Eliminate Passport Data Entry Errors with a Single API Call

Achieve 99.8%+ accuracy and sub-second response times for ICAO 9303 compliant MRZ and VIZ data extraction.

Steve HarringtonUpdated 2026-01-16
Diagram showing a passport photo being uploaded to the StructOCR API, which then processes the image, extracts key fields like name and passport number, and returns a structured JSON object.
Figure 1: StructOCR converts raw Passport images into validated JSON data.

Why Passport OCR is Difficult

Open-source tools like Tesseract fail on real-world passport scans due to common image defects like holographic glare, shadows, and non-standard lighting. Skew and rotation require complex pre-processing pipelines that are brittle and expensive to maintain. Furthermore, simply extracting text is insufficient. Parsing the ICAO 9303 compliant Machine Readable Zone (MRZ) involves validating complex checksums and character encodings. Manually building and maintaining RegEx patterns for dozens of international passport variations is a significant engineering overhead that rarely achieves the accuracy required for production systems, leading to costly manual review cycles.

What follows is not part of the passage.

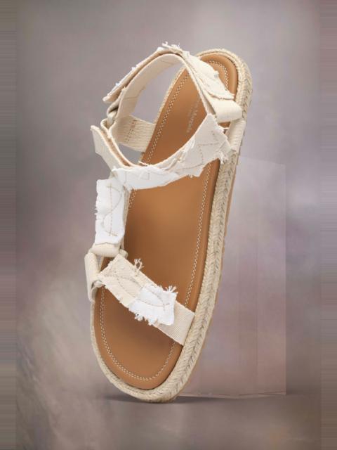 The hiking sandals come in the Maison's patchwork canvas, with a deliberately distressed aesthetic. The stitching is visible and the edges kept raw, complete with hessian to the soles.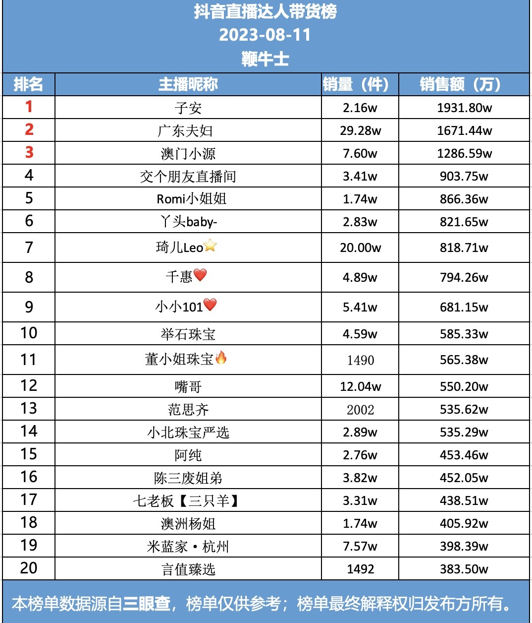 8月11日,抖音直播达人带货榜一是子安,销售额1931.80万;榜二广东夫妇,销售额1671.44万;榜三澳门小源,销售额1286.59万。

Enterprise-Grade Extraction with StructOCR

StructOCR replaces fragile, multi-step OCR pipelines with a single, reliable API endpoint. Our pre-trained deep learning models are specialized for identity documents, significantly outperforming generic engines like Tesseract. The API handles image pre-processing automatically, including deskewing, denoising, and glare removal, before extraction. Instead of returning a wall of unstructured text, StructOCR delivers a predictable, standardized JSON object with validated fields, including correctly calculated MRZ checksums. This eliminates the need for complex post-processing logic on your end.

Production Use Cases

  • Digital Onboarding (KYC): Reduce drop-off rates by pre-filling user data from Passports in < 2 seconds.
  • Fraud Prevention: Detect tampered fonts or mismatched MRZ checksums automatically.
  • Global Compliance: Handle Passports from 200+ jurisdictions without custom rules.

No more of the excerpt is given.